March 20, 2012
Already being ravaged by pesticides  that are ignored by the USDA, a new study confirms that the bee population decline is also linked to corn insecticides that are among the most widely used in the world. The study sheds more light on the rampant downfall of the bee population through mass die-offs, also known as colony collapse disorder.
Used to coat corn seeds, the chemicals — known as neonicotinoid insecticides – are used to kill the insects by paralyzing their nerves. The makers claim that it has ‘lower toxicity’ for other animals. The study, entitled “Assessment of the Environmental Exposure of Honeybees to Particulate Matter Containing Neonicotinoid Insecticides Coming from Corn Coated Seeds,” was published  in the American Chemical Society’s Environmental Science & Technology journal. The researchers note that an increase in bee deaths began to be observed as soon as the insecticide was put into use.

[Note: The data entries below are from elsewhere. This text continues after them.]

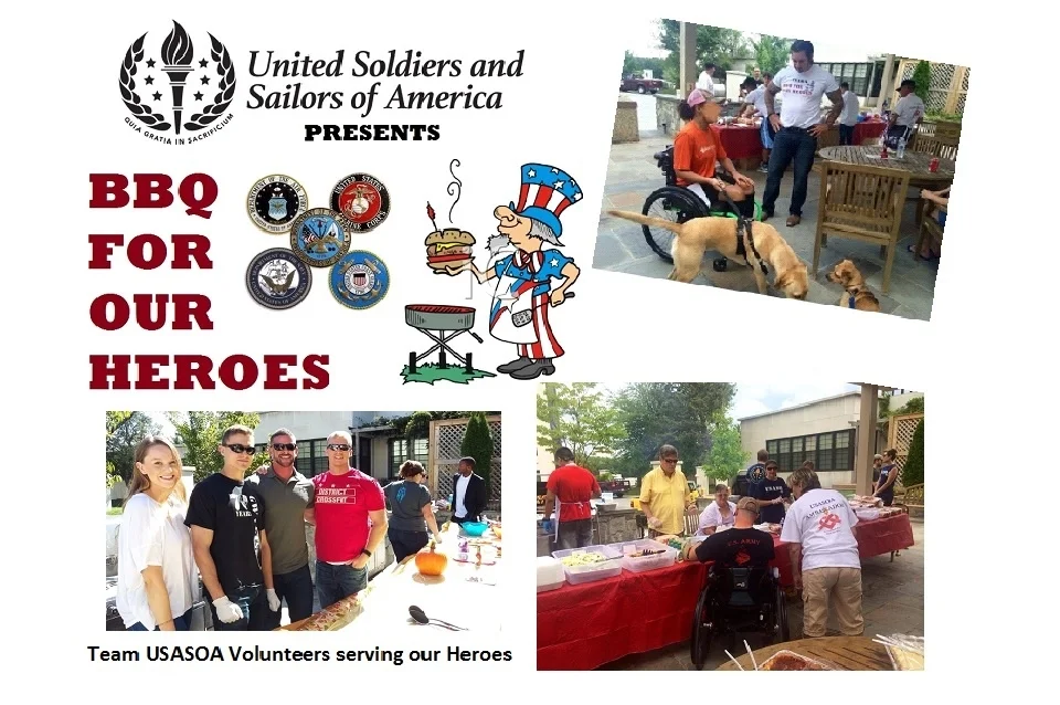 Over the past 4 years, USASOA has been providing a Saturday afternoon of great American food, leisure, music, and fellowship for our recovering wounded service members that are currently residing at Walter Reed Military Medical Hospital. The physical and mental injuries sustained by our wounded will often last them a lifetime. The USASOA outdoor BBQ FOR OUR HEROES program has evolved into an amazing morale-boosting event for our ill, injured and wounded who are able to come outside into the warm spring and summer sunlight and be surrounded by loving and caring TEAM USASOA Volunteers who produce a traditional, American BBQ with all the fixin's. USASOA holds one BBQ a month beginning in May and wrapping up in late October with our famous Chili-Fest. We hope to expand this program into other military and veteran medical facilities around the nation. At each BBQ, we feed between 50 and 120 of our ill, injured and wounded heroes. Please consider BUYING A HERO A BURGER by making a tax-deductible donation of any amount now. DONATE
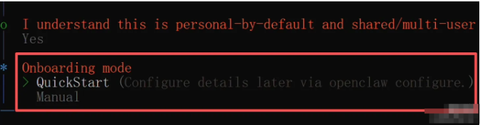 建议新手直接选Quickstart,它会帮你用默认配置快速搞定,人工模式适合有一定养虾经验的同学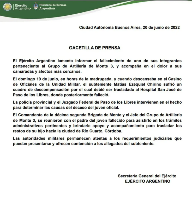 Un subteniente del Ejército Argentino de 22 años murió luego de una fiesta de iniciación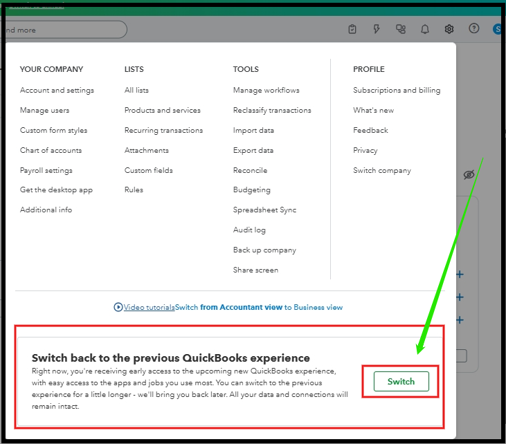 Then, locate and click the Switch back to the previous QuickBooks experience option below.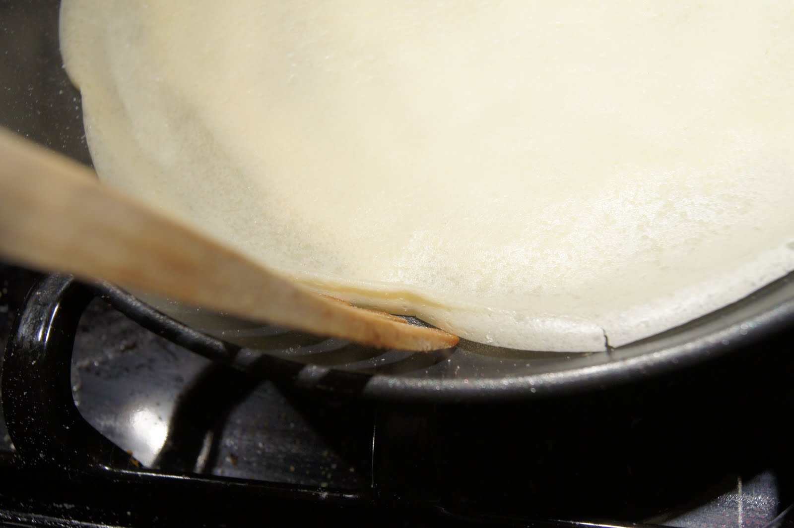 That doesn’t mean you have to toss the crepe, but your goal is to have it reach the full circle. It takes a little practice, but you’ll get it. Once you’ve twirled it and had the batter cover the entire pan, place it back on the stove and let it cook.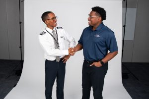 this was taken for our uniform guide so we used cutouts of the pilots for our final document. I can change/remove the background if we choose to use this photo. pilot w/ cadet instructor (training)

The way in which bees are affected by this insecticide has to do with how the particles of the substance release into the air. The process involves pneumatic drilling machines, which suck in the seeds and subsequently spray and coat them with the insecticide before they are planted in the ground. As a result, particles of the insecticide are released into the air which then affect the honeybees. Even after examining how to potentially make the machines safer in any capacity to prevent the bee die-off, scientists said that all variations using the neonicotinoid insecticides still led to mass bee death.
The integrity of the entire ecosystem is at risk if the honeybee population is not stabilized. Integral for the pollination of food crops, these insecticides are threatening the future of agriculture and global food sustainability. The researchers also mention that corn is increasingly being used as a form of renewable energy, and that real changes need to be made regarding the use of neonicotinoid insecticide before it is too late.
The researchers state:
“In view of the currently increasing crop production, and also of corn as a renewable energy source, the correct use of these insecticides within sustainable agriculture is a cause of concern.”